• _Extracted information_:
=== Begin Enclosure ===
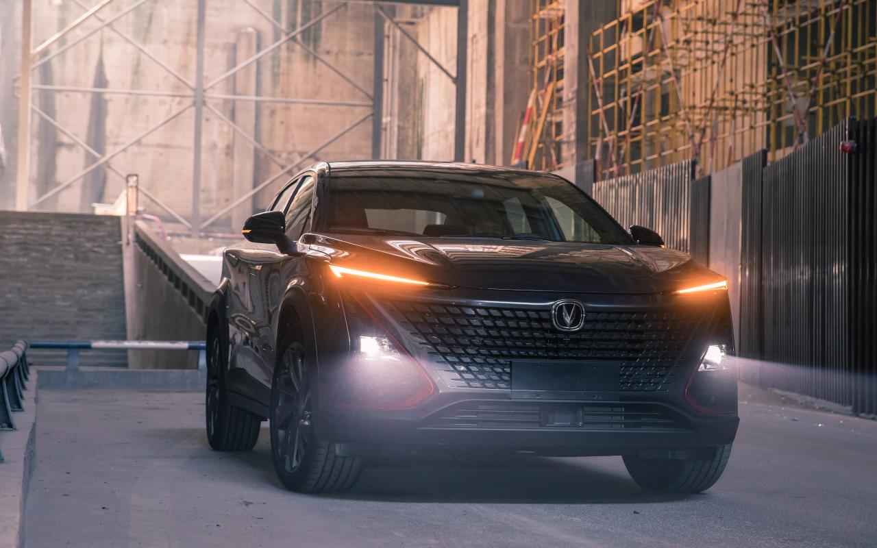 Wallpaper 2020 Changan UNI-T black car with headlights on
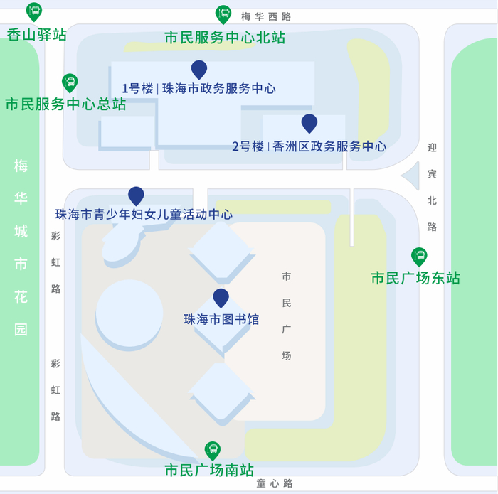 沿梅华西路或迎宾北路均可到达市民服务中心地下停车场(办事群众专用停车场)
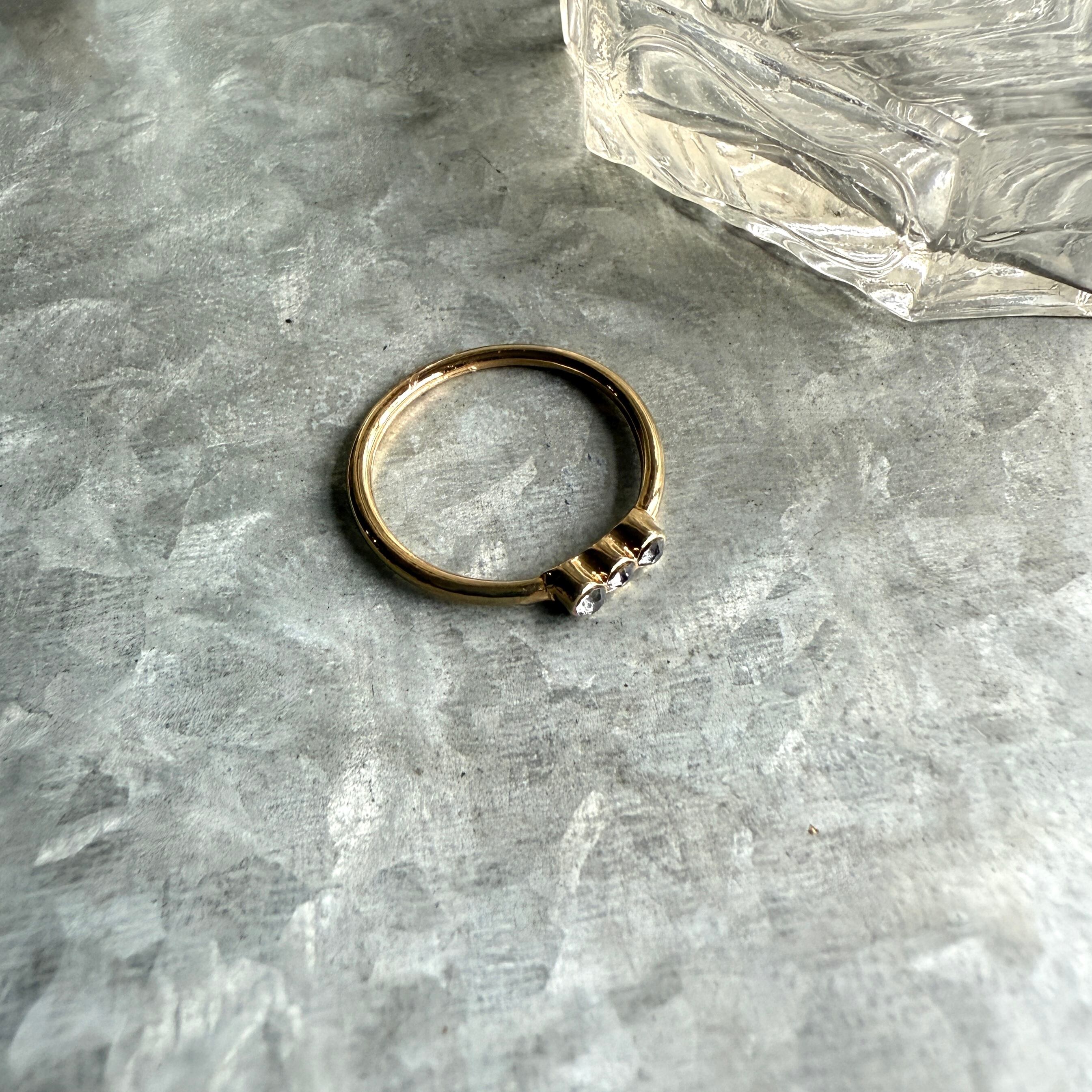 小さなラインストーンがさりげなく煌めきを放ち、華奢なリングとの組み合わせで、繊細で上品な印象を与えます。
=== End Enclosure ===
=== Begin Enclosure ===
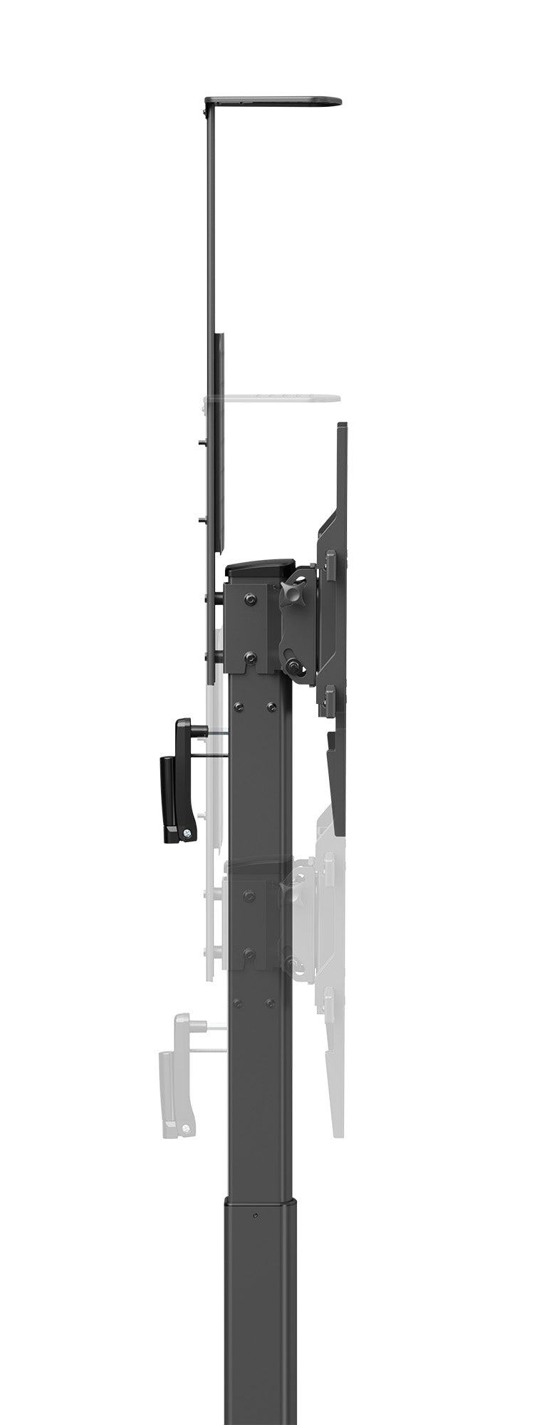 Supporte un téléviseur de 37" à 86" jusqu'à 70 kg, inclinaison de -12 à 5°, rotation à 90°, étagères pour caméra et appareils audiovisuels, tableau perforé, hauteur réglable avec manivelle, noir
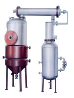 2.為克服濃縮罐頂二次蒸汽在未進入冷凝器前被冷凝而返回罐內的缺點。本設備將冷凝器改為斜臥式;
=== End Enclosure ===
Set down exactly the lines above, from the line containing "沿梅华西路或迎宾北路均可到达市民服务中心地下停车场(办事群众专用停车场)" through the line containing "小さなラインストーンがさりげ". Skip the pictures.

• _Result of this task_:
 沿梅华西路或迎宾北路均可到达市民服务中心地下停车场(办事群众专用停车场)
 小さなラインストーンがさりげなく煌めきを放ち、華奢なリングとの組み合わせで、繊細で上品な印象を与えます。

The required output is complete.